C’è un collettivo, che è un murales di Rivera o Siqueiros? «Più Diego Rivera, che era potente, denso di materia, come questa squadra».
Il NY Times ha definito Spalletti uno da avanguardia, lei è la transavanguardia… «Spalletti è Achille Bonito Oliva, l’artefice tecnico poetico. Sta esplorando dei confini, trasgredendo rispetto al passato, spiazzando il già avvenuto».
Ha giocato terzino, Di Lorenzo, è un terzino d’attacco, a che cosa le fa pensare? «Alla libertà. Ero confinato, non potevo fare oltre il mio ruolo. A me non piace il solo rigore, ma chi scombina e lui lo fa bene».
Il suo elmetto fa pensare alla mascherina di Osimhen.«Abbiamo il Mediterraneo in comune, il mio è un elmo di un presunto gigante. Picasso quando scoprì l’arte africana e si lasciò folgorare dalla novità. E io con lui. La mascherina di Osi è clinotecnologica. Non ha la poesia delle maschere africane».
E i suoi cavalli con Kvara? Questo calciatore caravaggesco-dostoevskijano. «Potrebbe essere uscito da Caravaggio per entrare in una mia opera divenendo un cavallo indomabile».
E Kim è uno dei suoi guerrieri oscuri? «Sembra di terracotta anche se nel gioco diventa duro. Lo vedo di più come un luminoso eroe dell’antichità greca».
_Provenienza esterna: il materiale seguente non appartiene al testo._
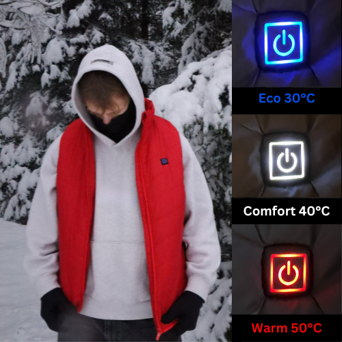 Stay comfortable all year round! Our vest has 3 different heat modes to match the weather.

La festa è una sospensione a guardare le sue opere, questa che cosa sospende? «Tutto quello che c’è di drammatico negli anni e negli animi, come in un carnevale. E si apre al gioco, alla libertà. Non dico che deve fare quello che vuole. Ma Napoli è civile. Io non sospenderei nulla. Non mi aspetto negatività. Napoli ha un equilibrio interno che pure se gira alto con l’euforia non fa guai».
Paul Auster rimprovera a Napoli un eccesso di autonarrazione, tra murales e striscioni, pensa che il prossimo passo per Napoli sarà diventare più pratica di New York? «New York è un mondo sé. Se non c’è un palcoscenico non esisti. Sali ed esisti e rimani sacro. Napoli i suoi li riconosce e li accantona, e aspetta la riscoperta degli altri. Troisi allontanandosi diventa grande. Così Eduardo. A Napoli il talento di Sergio Bruni era quasi normale. Come Pino Daniele o De Simone. Questo è bello. Napoli non ha bisogno delle sovrastrutture. Non ti mette sul palco, ti tira giù dal palco».
Questo scudetto ha come base una città multiculturale? «È il suo specchio. Si è napoletani appena si mette piede a Napoli. E poi si decide se restarci o meno. Solo New York è così. Vai là e devi dimostrare quello che vali. A Napoli non devi nemmeno dimostrare di essere qualcuno o valere qualcosa».